Working from real Proximity Barcoding Assay data we ran the complete ov.single.ev single-EV proteomics pipeline and reproduced the signature figures of Wu et al., Nat Commun 2019:

QC removed ~28,000 low-information EVs, leaving ~47,000 EVs x 40 surface proteins across 15 sources.
PBA Fig. 4a — the source x protein pseudo-bulk heatmap — was reproduced with ov.single.ev.pseudobulk + ov.pl.group_heatmap, showing which source carries which surface protein.
PBA Fig. 4b — three t-SNE panels stratified by detected-protein count — was reproduced faithfully: 1-protein exosomes give a radial “firework” with no source separation, 2-protein exosomes stay ambiguous, and only the >=3-protein subset (~29,000 EVs) resolves by source. The rest of the pipeline runs on that informative subset.
FlowSOM partitioned the subset into 8 EV subpopulations, each with a distinct surface-protein program (an EpCAM/CD166 epithelial subset, an integrin-module subset, others). The FlowSOM marker heatmap/dotplot — not the 2-D embedding — is the primary structural readout; Leiden over-fragmented, so FlowSOM is the robust choice here.
MISEV2023 marker classification recognised 10 transmembrane EV markers and 5 functional markers; tetraspanin subtyping showed a large tetraspanin-negative fraction alongside CD151-, CD63- and CD9-defined single-positive subsets and only a small triple-positive core — single-vesicle confirmation of the MISEV2023 caveat.
Marker colocalization showed the two CD63 barcodes co-occur on the same vesicles far above chance (an internal control) and that CD151/CD147 genuinely co-localize on a shared vesicle subset.
PBA Fig. 5a — the source-selective protein-combination (DEPC) analysis — was reproduced with ov.single.ev.protein_combinations: specific multi-protein combinations are enriched on K562 leukaemia exosomes versus serum exosomes. The paper’s Fig. 5b/c spike-in dilution is not reproduced — the tutorial dataset has no dilution series and we do not fabricate one.
Differential analysis across cancer/normal exosomes and a 15-sample pseudo-bulk moderated-t test surfaced condition-specific surface proteins for biomarker follow-up.

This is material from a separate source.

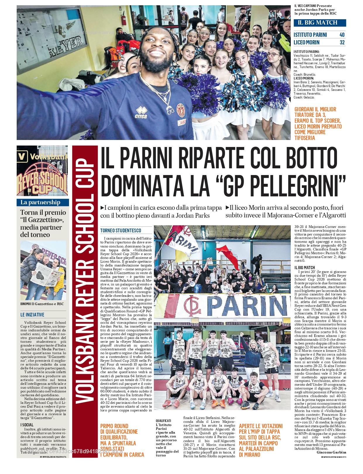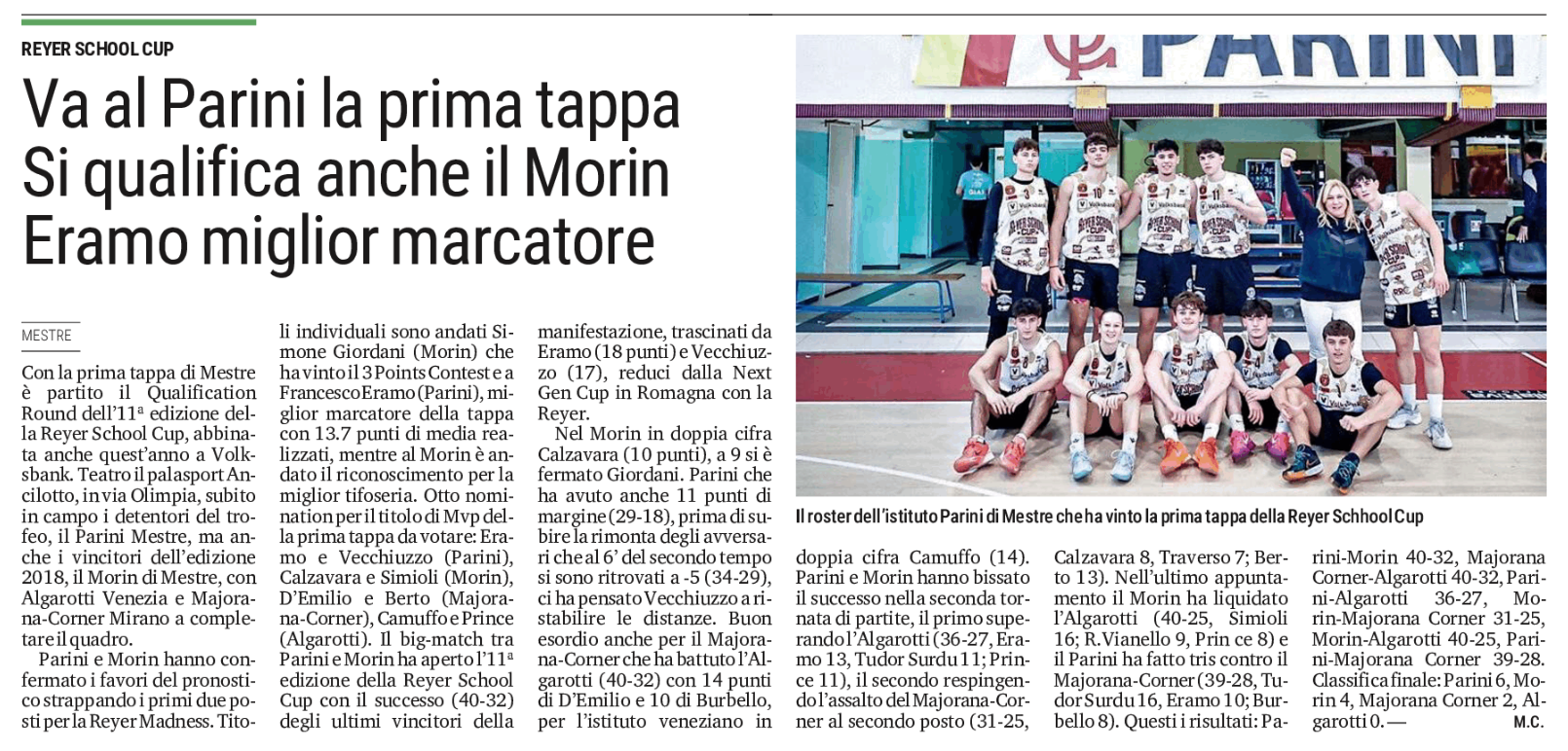 Si è alzato nuovamente il sipario sulla Volksbank Reyer School Cup per la stagione 2026, giunta alla sua undicesima edizione. Il primo round ha visto il trionfo del Parini di Mestre, che ha fatto percorso netto vincendo tutte le tre partite giocate. Al secondo posto si piazza il Morin, sempre di Mestre.
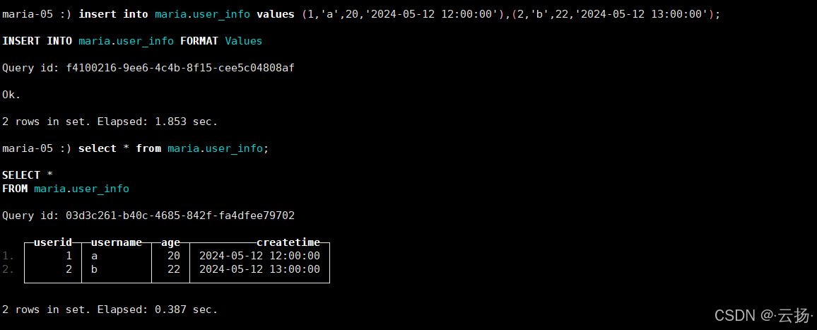 sql-- 插入测试数据 insert into maria.user_info values (1,'a',20,'2024-05-12 12:00:00'), (2,'b',22,'2024-05-12 13:00:00'); -- 查询数据 select * from maria.user_info;

The key idea: a single-EV dataset is an EV x protein matrix, so the single-cell toolkit applies almost unchanged — but single-vesicle resolution unlocks colocalization and source-selective protein combinations, the question of which markers ride the same vesicle, that no bulk assay can answer.

The companion notebook Single-EV proteomics — imaging/intensity modality runs the same ov.single.ev API on a different platform (MASEV cyclic immunofluorescence, value_type='binary'), showing the module is platform-agnostic.